Serious Sam: The Random Encounter – The Verdict

Serious Sam: The Random Encounter – The Verdict

For over a decade, Serious Sam has been the badass, gun toting, laugh inducing pin-up icon of the first person shooter genre. Settled quite happily in this field, the series has received rather generous reviews, flourished through a committed fan base, and grown from a once PC-only title into to a multi-platform epic.

But Serious Sam: The Random Encounter is different. It’s not an FPS.

Part of the Serious Sam indie series, and the brain child of small-time indie developers Vlambeer, The Random Encounter is actually an RPG, and follows in the footsteps of Serious Sam: Double D – by applying the Serious Sam mould to alternative gameplay types. I know, right?
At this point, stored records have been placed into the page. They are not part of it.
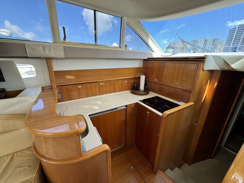 The Viking Princess 45 Flybridge combines sleek styling with impressive performance on the open seas. The well-appointed two-stateroom layout features a luxurious, high gloss cherry finish, and cabinetry storage. The master head is spacious as is the guest head. Both have large, stand-up showers. The salon area features a neutral-toned theme. It includes ultra-leather fabrics, high-gloss Vitacore cherry wood, a roomy U-shaped dinette w/table, and built-in settee. The 45 Flybridge has a full helm on the bridge and a lower helm in the comfort for all weather conditions! Her galley is modern with ample countertops and storage. The engine room features twin Volvo Penta TAMD 74P diesel engines and ZF Marine transmissions.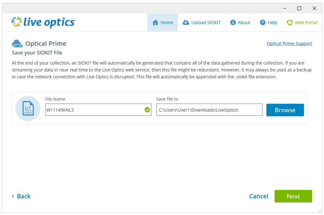 - Telkens wanneer een verzameling wordt uitgevoerd, wordt een versleuteld SIOKIT-bestand gemaakt dat wordt gebruikt als back-up in het geval van een probleem met de netwerkverbinding tussen de Live Optics-collector en de Live Optics-webservice. De upgrade moet handmatig worden geüpload naar de Live Optics-webportal om de resultaten van uw scan te kunnen bekijken. U kunt de bestandsnaam op dit scherm desgewenst wijzigen en vervolgens op Volgende klikken om door te gaan.
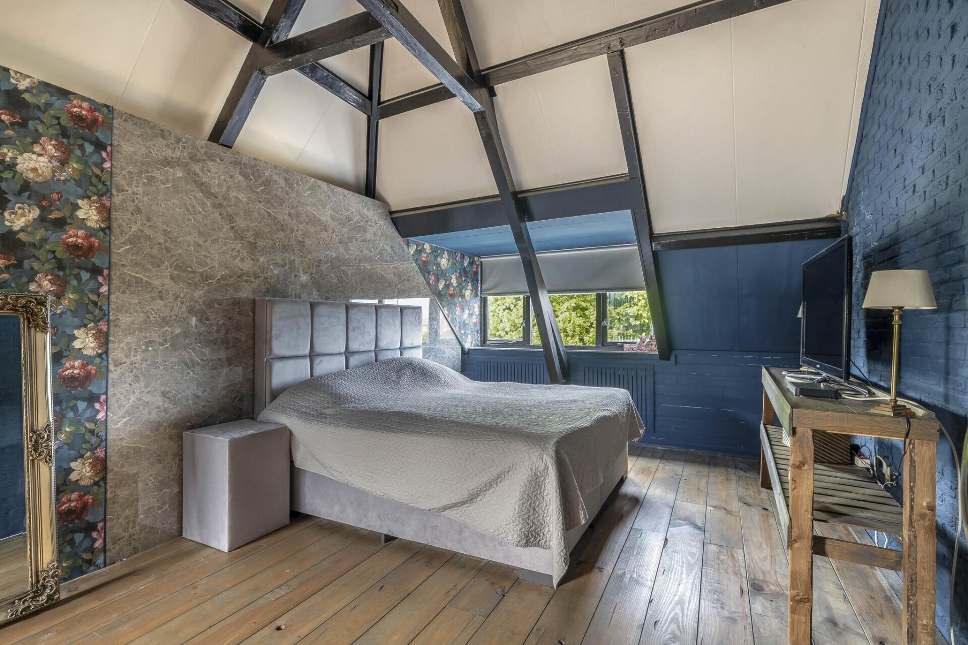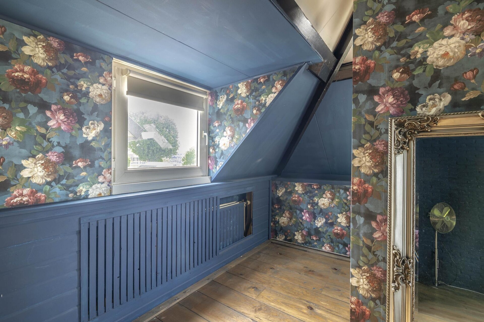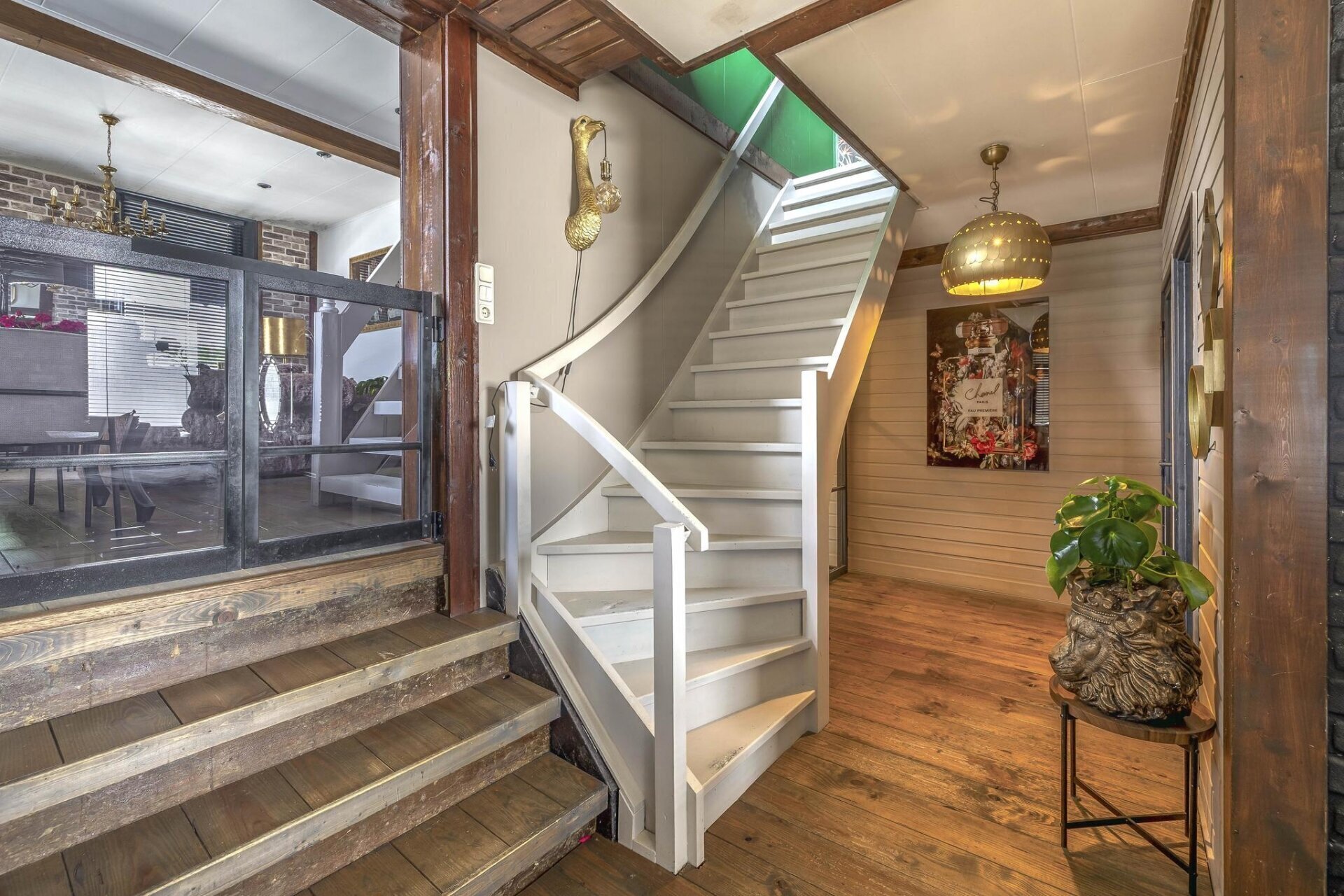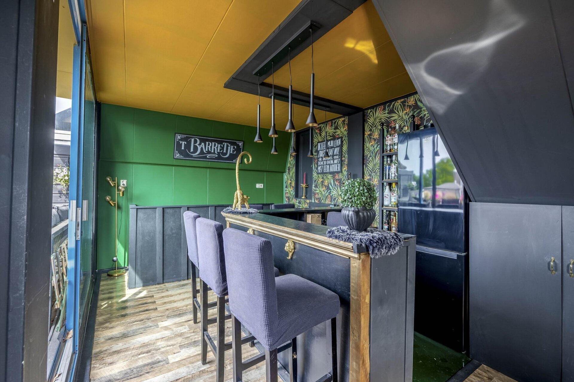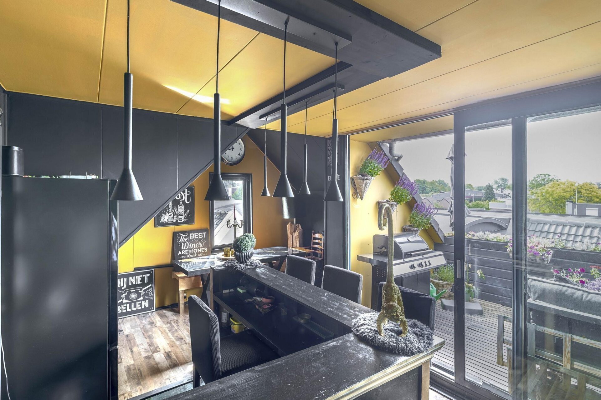 Via de centrale entree stap je de woonverdieping binnen, gelegen op de eerste etage. Hier vind je een fijne overloop die toegang geeft tot de keuken, het toilet en de badkamer. De keuken sluit aan op een gezellige woonkamer waar warme kleuren en gouden accenten zorgen voor een karakteristieke sfeer. Een stijlvolle trap in de woonkamer leidt naar de bovenste woonlaag. Daar vind je een royale slaapkamer en een grote multifunctionele ruimte met een bar, ideaal als hobbyruimte, tweede woonkamer of werkkamer. Deze ruimte grenst aan een loggia waar je heerlijk beschut kunt zitten.

Surprisingly enough, then, the RPG setting is quite a welcome change to Serious Sam – after all, The Random Encounter (or TRE, as I’ll refer to it from here on out) is quirky, fun and highly accessible; just about everything you’d want from a budget turn-based RPG title.

And TRE really is a budget game. That’s not to say that the overall quality is lacking, there’s certainly more than enough high octane heart-pumping combat being dished out here, it’s just that it won’t take you very long, at all, to battle your way through it.

In short, you’re looking at three worlds with only a handful of stages for each, studded with five rather challenging bosses. In total this equating to an hour or two, at most, of core gameplay. There’s also an endless mode to keep you occupied for a little longer after you’ve ploughed through the storyline, but realistically you’ll probably have had enough by then. You see, the storyline delivers such a large dose of nostalgia-filled bang for your buck, that it makes the endless mode feel rather lacking as a result.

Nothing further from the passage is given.